The most glaring absence from this list is, of course, my Dragonblooded Exalted campaign set in Crux. We have one player who hasn't been able to make it and she's really core to the campaign play. Normally I'd run with a single player missing, but she serves as the heart and engine of the group. The players agreed that not having her there would feel wrong. That's really too bad as I love that campaign, as do many of the players. I'd like to get back there, but at this point, I'm not certain we can. If it happens in 2010, that would be great otherwise I think I simply have to write it up as an unfinished story which just kills me.

In Conclusion
So, in total, by my count, I ran 80 sessions in 2009.

6 comments:

  1. "Like most GM's I tend to focus on the negative about the play after a session and how it could have gone better."

    This really surprised me. You're the last GM that I would expect to do this. It's something that I do after every single session when I'm running, but I thought it came from a lack of GMing experience (which you most certainly don't have).

    ReplyDelete
  2. I think of Edige as the Billy Martin (NY Yankees manager) or Erwin Rommel of GMing. A conceptual innovater who keeps pushing forward. Minus the alcoholism or the boss who needs fragging. Anyhow, constant improvement means a ruthless search for your own weaknesses.

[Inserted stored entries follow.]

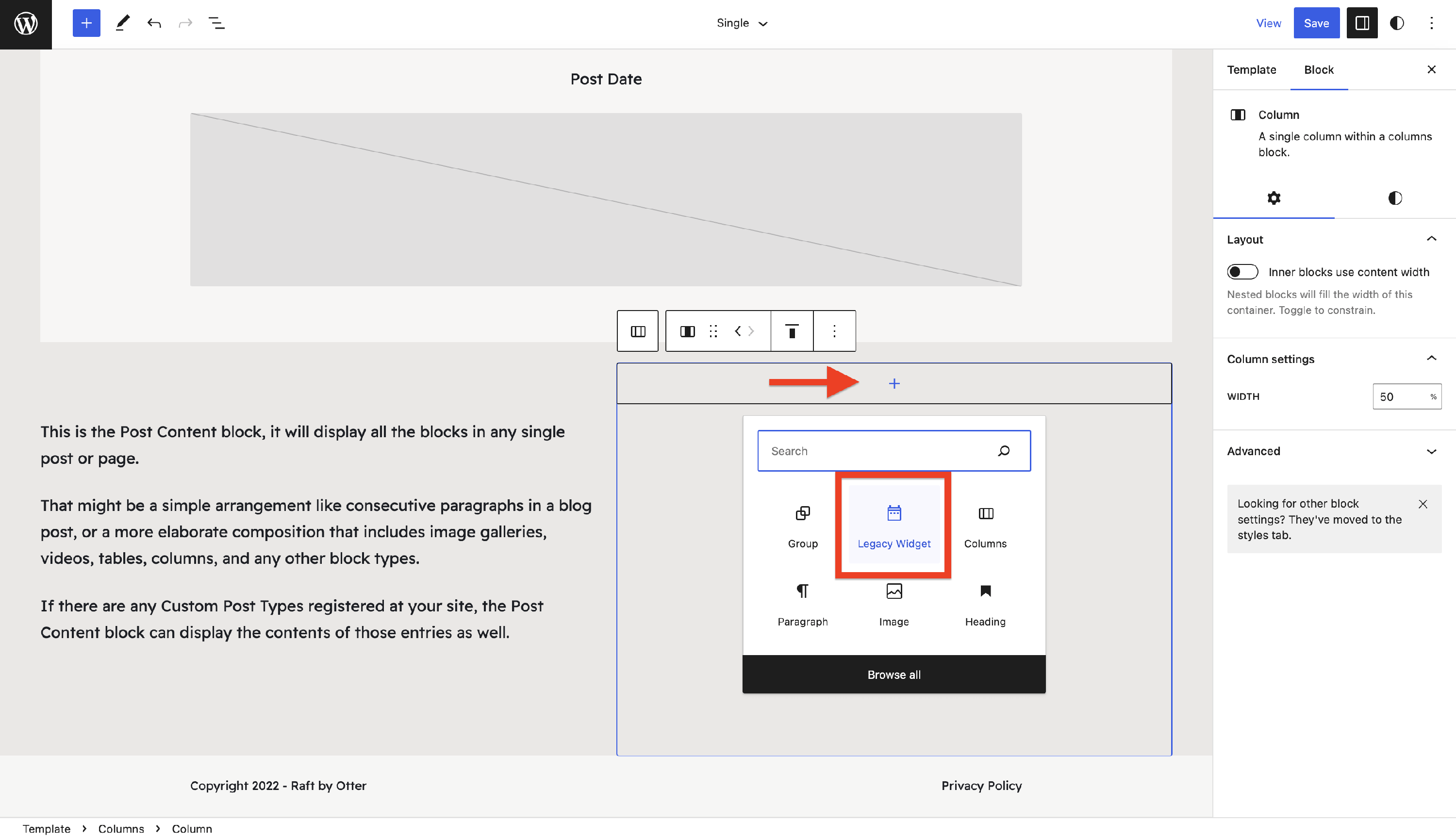 6 In the second column, insert the Legacy Widget block.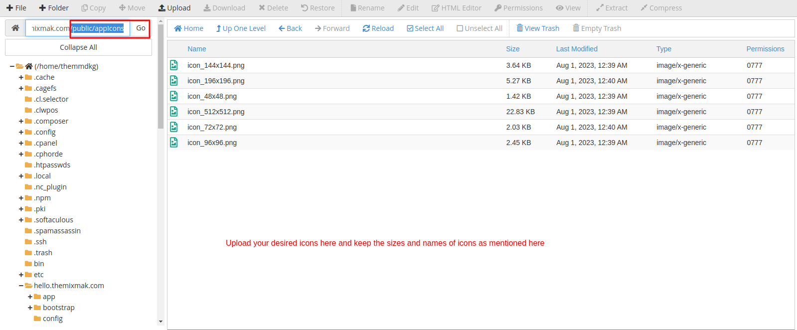 2. To change the app icons, go to the "public/appIcons" folder in the main directory. There, you'll find icons of different sizes. Just upload your preferred icons using the given sizes and keep their names unchanged.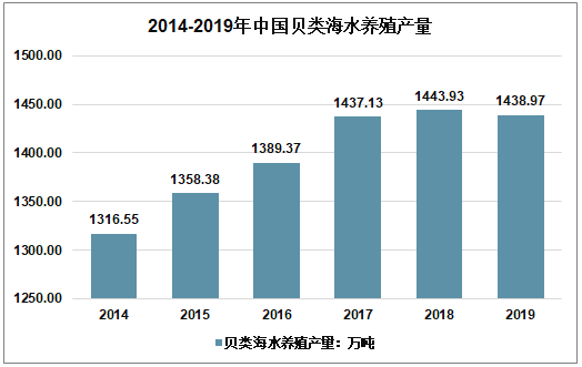 贝类养殖是我国海水养殖产业的重要组成部分。近年来,贝类产业在种质创新、健康养殖、精深加工等关键技术上取得了长足进步。2014年,贝类海水养殖产量1316.55万吨,2018年增长到1443.93万吨,2019年略有下降达1438.97万吨。近年来国内贝类海水养殖情况如下:
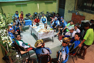 Luchito Delgado, es uno de los fundadores del Team Inter. Ciclista de 74 orgullosos años de edad. Le decimos "Medio Menú" porque sólo puede con la sopa. Estábamos presurosos en ayudarlo porque era la única oportunidad que él tendría de tener una papa en la boca y otras en las piernas....

    At a high level, this means throwing out old ideas of good and bad when they don't prove useful. I enjoy this blog and talking with Edige about gaming because a lot of my old ideas do get trashed.

    ReplyDelete
  3. I'd say most of my worrying about mistakes now comes in a few flavors:

    1) Plot details or foreshadowing I'd meant to throw in that I forgot about or didn't get to.
    2) Slower pacing at the table than I'd have preferred-- not getting to significant break point or dragging out a story longer than it needed to be.
    3) Missed opportunities for stories or interactions.
    4) Combat taking too long.
    5) Not giving everyone enough time at the table.

    I'll give an example from this last Changeling session on New Year's Eve. I had a section with a combat against a foe that I imagined as a little bit of a sidebar. That ended up taking up more of the session space than I wanted. I could have streamlined the lead up a little more. But I also missed an opportunity later on in the session.

    They had Christmas Day and off the cuff I had some of the other Changelings call Will's character up for a poker game. It was kind of a "boy's night" for him. I had some other bits for Sherri and Sharon, but not as much or as rich as that-- lots of NPC interaction.

    What I ought to have done was have two parallel incidents to that-- with the other two also invited to like events. Each player could have had some interactions with a small group of NPCs and I could have built some nice parallelism and also illustrate the kinds of groups likely to interact with the different NPCs. That's something I'll play out probably next session, but the chance to have that dramatic parallel front and center was lost in that moment.